In a culture of affluence it’s hard to ignore the stresses of college applications.

“Because I wasn’t accepted into these schools, I feel I am not of the caliber to be in the top institutions,” said UCLA college freshman Michael Schwartz, when he was a senior last spring. “I will always wonder if I could have done better and if I ever had that potential within to be admitted into these institutions and be at the top. These rejections affected me to a personal level when I hear throughout our community how people highly favor graduates with a degree from a prestigious school over other institutions. It’s hard not to be judged by people ,especially in Marin, from where you went  to college.” According to US news and world reports UCLA is ranked #24 nationally.
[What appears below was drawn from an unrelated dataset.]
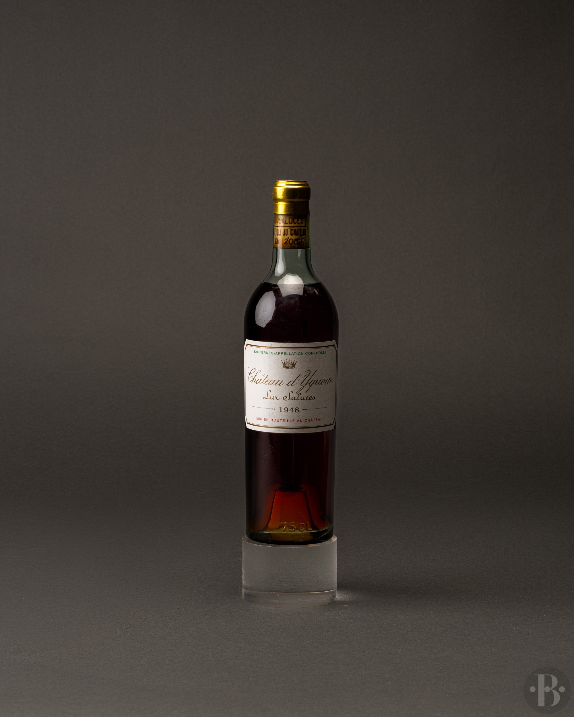 Very good appearance. Level at top-shoulder. Recorked in 2002.

Hayat’s optimism about the college application process fluctuates. “On some days, I’m thinking… these are really low acceptance rates, like two point one per cent. I’m like, wow, that’s really hard to get into. But other days, I’m thinking like, two percent of like a thousand. That’s a lot of people… I could be one of those … people.”
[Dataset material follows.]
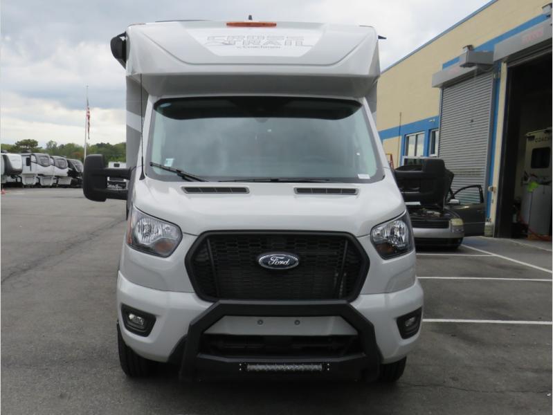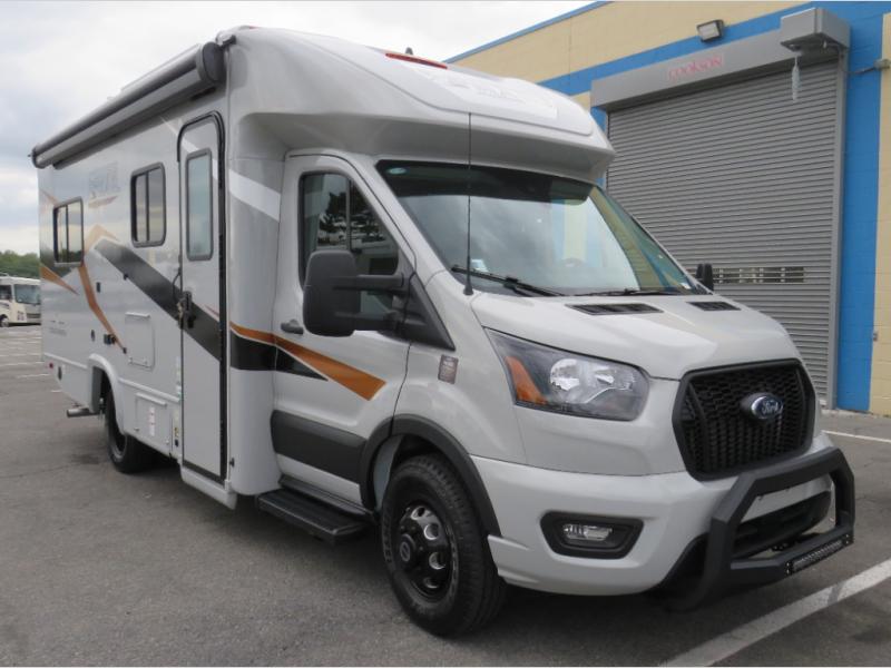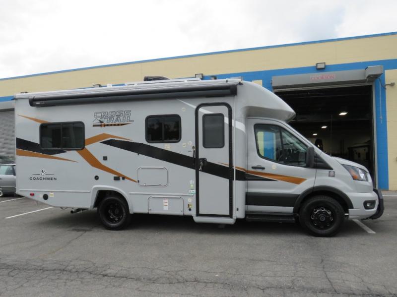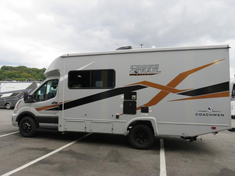 The Cross Trail EV Class C gas motorhomes by Coachmen offer livable and storage friendly coaches with an interior/exterior Smart TV, extra large kitchen counters, and large sliding tinted windows. Also included is the Renogy Empowered state-of-the-art hybrid electrical system designed to operate every coach function from battery power, including the A/C, and is convenient for operating systems while traveling without the use of a generator. Each has a fuel-friendly Ford transit chassis, Azdel composite vacuum bonded sidewalls, and a CrossFlex roof membrane, providing more puncture resistance. And the available all-wheel drive means you can go off the beaten path if you choose that option!

“It’s ridiculous. It becomes this freight train out of control and I think that if parents at home keep the reality checks on all of that [college acceptance stress] and not promote that kind of craziness [of being accepted into a prestigious college] then we can get somewhere,” now retired guidance counselor Sarah Gordon said. “We already have teachers and parents that talk to their students in second grade about college. That’s insanity. So this all comes from the environment and thinking at home. It comes to this community that’s so immersed in how things look and not what it is …. And when kids start thinking about college this young, it becomes out of control and the disappointments are huge, when the answers are ‘no’ or ‘you don’t qualify.’”

While Hayat’s is an extreme example, receiving a recruitment of informational letter from a college has become expected. Since higher educational institutions were founded, marketing in some form has been imperative in recruiting a student body. Over the last decade, however, there has been a massive increase in college marketing to prospective students. Colleges are striving to raise their national ranking each year. When the volume of applications increases, a higher number of students can be rejected, resulting in a lowered acceptance rate. The lower the acceptance rate a college reports, the higher their national ranking

Recently, colleges have invested in branding strategies, further requesting applications so they can report a smaller acceptance rate and receive a higher ranking of their institution.
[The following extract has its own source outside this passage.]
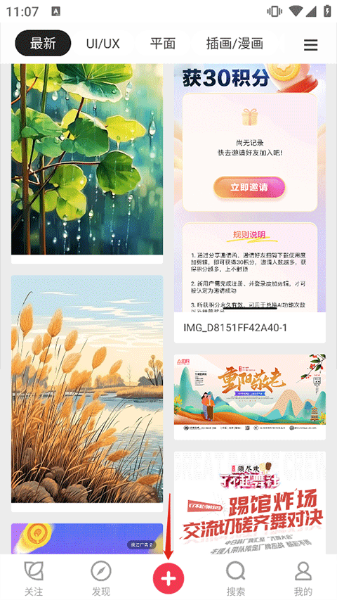 4、关注你感兴趣的人和画板,随时收到来自他们的更新。

“Colleges have gotten much more aggressive about marketing themselves to prospective applicants,” said USC dean admissions officer Tim Brunold.  “With the increased competition, there is more of a need now than ever for colleges to tweak their marketing messages in an attempt to stand out from the crowd. Let’s face it: most of the colleges on an applicant’s list probably share many of the same programs and attributes. Colleges are scrambling to articulate how they are distinctive and why they might be the best choice for a given student.”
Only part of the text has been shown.